I keep reminding myself that on Christmas Eve it will be only three weeks! Although I continue to do a bit better each day, I still easily experience fatigue and pain (generally when I do too much – imagine that!). Of course, I’m very grateful to be able to do as much as I am, but I also find myself getting impatient and wanting to be “all better” already! While Shawn was visiting a few days ago, I told her I was getting really antsy to get back to yoga practice (my last class was in July!). As I told her this, I was shifting uneasily in my chair to accommodate the pain in my bottom from sitting. She looked on with her usual yoga instructor compassion and gently suggested I might want to wait a little while longer…remember that thing about 6 to 8 weeks for recovery?

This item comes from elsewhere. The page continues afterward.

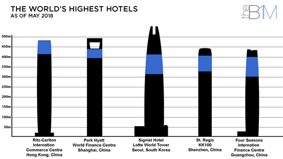 1992년 이후 평양의 류경호텔 (330m)이 오랫동안 세계에서 가장 높은 호텔에 이름을 올렸지만, 2007년 로즈 레이한 바이 로타나 (330m)가 그 기록을 깬 후 주목받기 좋아하는 두바이가 이 분야 기록 갱신에 앞서기 시작해 2012년 비즈니스 베이에 JW 메리어트 마르퀴스 두바이 (355.4m), 2017년 셰이크 자이드 로드에 제보라 호텔 (356.3m)가 잇달아 기록을 깨면서 탑 5 중 네 곳의 호텔이 두바이에 자리잡게 되었습니다. 중국에 있는 호텔들 사이에 시그니엘 서울이 3위로 끼어있는 가장 높은 곳에 위치한 호텔처럼, 이 분야의 3위는 말레이시아에 있는 포 시즌스 쿠알라룸푸르 (343m)가 차지하고 있습니다.

So it seems my work these days is to accept where I am in this process of healing. Often I can approach things with humor (I’ve discovered that my colostomy behaves a lot like Pavlov’s Dog – no sooner do I go through the messy process of emptying the bag, cleaning myself and the toilet up, and getting redressed, before I find the thing immediately pooping out more! So I’ve changed my stoma’s name from “Vesuvius” to “Pavlov’s Dog”). But, on occasion, I have to let myself indulge in a full blown Hollywood cry*, especially when I find myself struggling with the permanency of all this. I know some day it will all be part of my ordinary routine, but right now learning to accept my life as it is feels something akin to grief – it has it’s own rules and time table. I’ll feel better when I feel better, and not before!

*  Credit goes to my friend Michelle for coining this phrase as we compared notes on our post-surgery progress. An accomplished ski instructor, she had an accident during a routine instructor training clinic, and found herself with a badly broken tibia. Her surgery (plate and pins under the knee to put it all back together) was just a couple of days after mine. She’s already crutching around and doing physical therapy, but won’t be skiing again this season – that’s for sure! If you’re anywhere near Ouray, CO, be sure to check out her whimsical little shop The Blue Pear. (Tons of love to you, Michelle!)